Investigation of multinary vanadate thin film materials libraries for solar water splitting


Swati Kumari, Ruhr Universität Bochum, Bochum, Germany
João R. C. Junqueira, Ruhr Universität Bochum, Bochum, Germany
Ramona Gutkowski, Ruhr Universität Bochum, Bochum, Germany
Aleksander Kostka, Ruhr Universität Bochum, Bochum, Germany
Katharina Hengge, Max-Planck-Institut für Eisenforschung GmbH, Düsseldorf, Germany
Christina Scheu, Max-Planck-Institut für Eisenforschung GmbH, Düsseldorf, Germany
Wolfgang Schuhmann, Ruhr Universität Bochum, Bochum, Germany
Alfred Ludwig, Ruhr Universität Bochum, Bochum, Germany

Photoelectrochemical (PEC) water splitting using semiconductor electrodes is a promising technology for generation of clean fuels.1 Multinary metal vanadate systems2 like Bi-V-O, Fe-V-O, Cu-V-O have attracted attention due to its low-cost fabrication, chemical stability and promising photoelectrocatalytic activity. The two metal vanadate systems of interest are Fe-V-O and Cu-V-O. Both ternary systems were fabricated using combinatorial reactive magnetron co sputtering covering a large compositional range, (Fe21-90V10-79)Ox and (Cu19-83V17-81)Ox, with subsequent annealing in air. The design of the materials libraries comprises a combination of composition and thickness gradients.3 High-throughput characterization methods were used to establish correlations between composition, crystallinity, thickness, optical properties, and photocurrent density.4 The Fe-V-O photoanodes showed three major crystalline phases throughout the composition gradients: Fe2V4O13, FeVO4 and Fe2O3. The photocurrent generation was increased with increasing crystallinity of the triclinic FeVO4 phase which corresponds to have ~2.04 eV indirect band gap energy.

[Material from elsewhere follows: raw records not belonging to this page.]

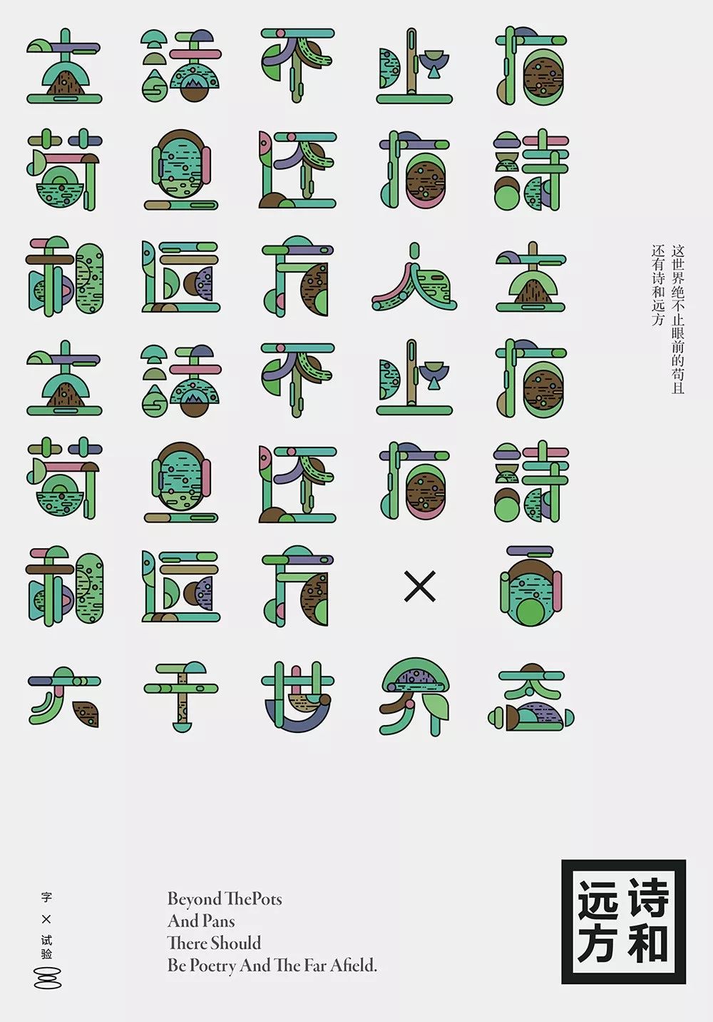 除了诗和远方,还有这组实验字体,文字择于高晓松填词的歌曲《立秋》。
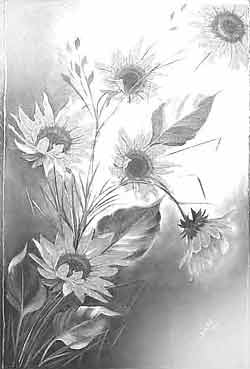 1. Dividir a Tela 70x50cm do Quadro: Com a régua e um lápis, faça 2 riscos verticais na tela com 15cm de cada lado Deixe o meio com 40cm para colocar os girassóis
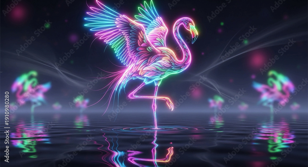Vibrant neon flamingo stands on one leg in futuristic water scene with colorful reflections and dark background #1910980280
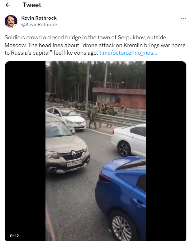 Z военкоры пишут - "множество колонн техники движется из лнр на москву, в т.ч. с бронетехникой. Интервалы между техникой ~100м, против ударов авиации"
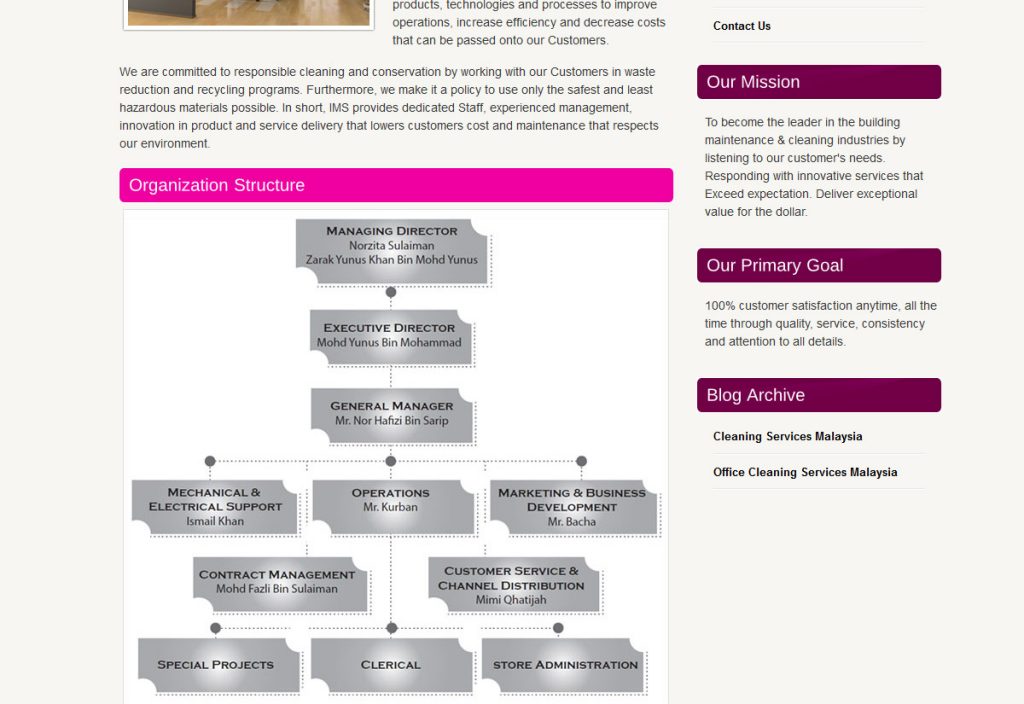 Indah Maintenance Services Sdn Bhd (IMS) is a Bumiputra owned and managed company providing professional janitorial services in the country. Incorporated in the 2005 with over 8 years of on the job experience.
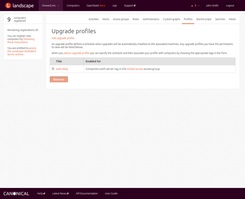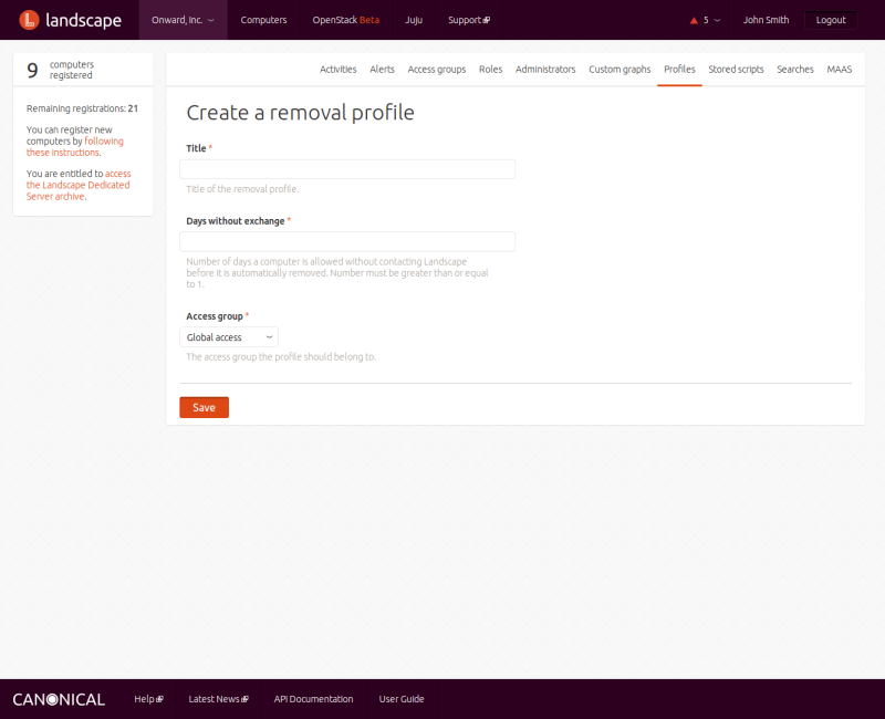 A removal profile defines a maximum number of days that a computer can go without exchanging data with the Landscape server before it is automatically removed. If more days pass than the profile's "Days without exchange", that computer will automatically be removed and the license seat it held will be released. This helps Landscape keep license seats open and ensure Landscape is not tracking stale or retired computer data for long periods of time. You can associate zero or more computers with each removal profile via tags to ensure those computers are governed by this removal profile. You can also associate a removal profile with an access group, which limits its use to only computers within the specified access group. You can manage removal profiles from the REMOVAL PROFILES link in the choice under your account.
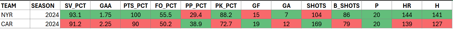 Before we close with Carolina and the Rangers, let's expand the view to include other stats and only focus on the first round's worth of stats.
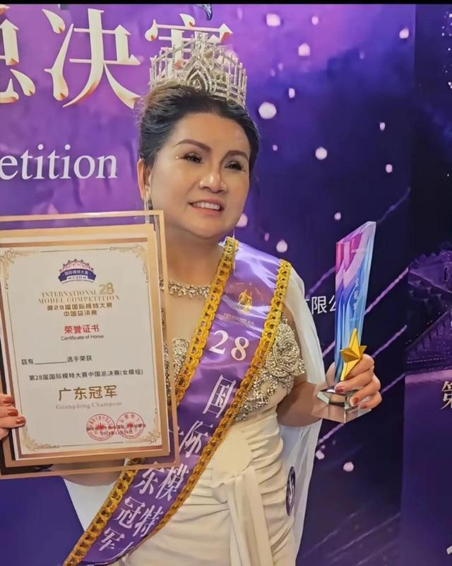 授带上清清楚楚写着“28届国际模特大赛广东冠军”。

Therefore, material libraries with Fe content between 54 and 66 at.%, with FeVO4 as the prominent phase confirmed to be the most promising region for solar water splitting. For Cu-V-O photoanodes, high-throughput screening revealed presence of six different Cu vanadate phases throughout the composition gradients: CuV2O6, β-Cu2V2O7, α-Cu2V2O7, Cu3V2O8, Cu11V6O26, and Cu5V2O10. The photocurrent density was increased with change in crystal structure from CuV2O6-to-β-Cu2V2O7-to-α-Cu2V2O7-to-Cu3V2O8 and Cu11V6O26 (mixed phase region). The highest PEC activity was observed for composition (V39Cu61)Ox in the Cu3V2O8 and C11V6O26 mixed phase region with 321 nm thickness. Moreover, CuV2O6 (low-Cu region) and Cu5V2O10 (most Cu-rich region) phase regions are found to be the lowest photoelectrocatalytic active region in the materials libraries. All Cu vanadate phases have < 2 eV indirect band gap energy.

References:
1. Van, D. K. R.; Grätzel, M. Springer New York Dordrecht Heidelberg London; 2012; pp 6-14.
2. Zhou, L.; Yan, Q.; Yu, J.; Jones, R. J. R.; Becerra-stasiewicz, N.; Suram, S. K.; Gregoire, J. M. Phys. Chem. Chem. Phys., 2016, 18, 9349–9352
3. Meyer, R.; Sliozberg, K.; Khare, C.; Schuhmann, W.; Ludwig, A. Chemsuschem, 2015, 8, 1279-1285.
4. Stein, H.; Jiao, S.; Ludwig, A. ASC Comb. Sci., 2017, 19, 1-8.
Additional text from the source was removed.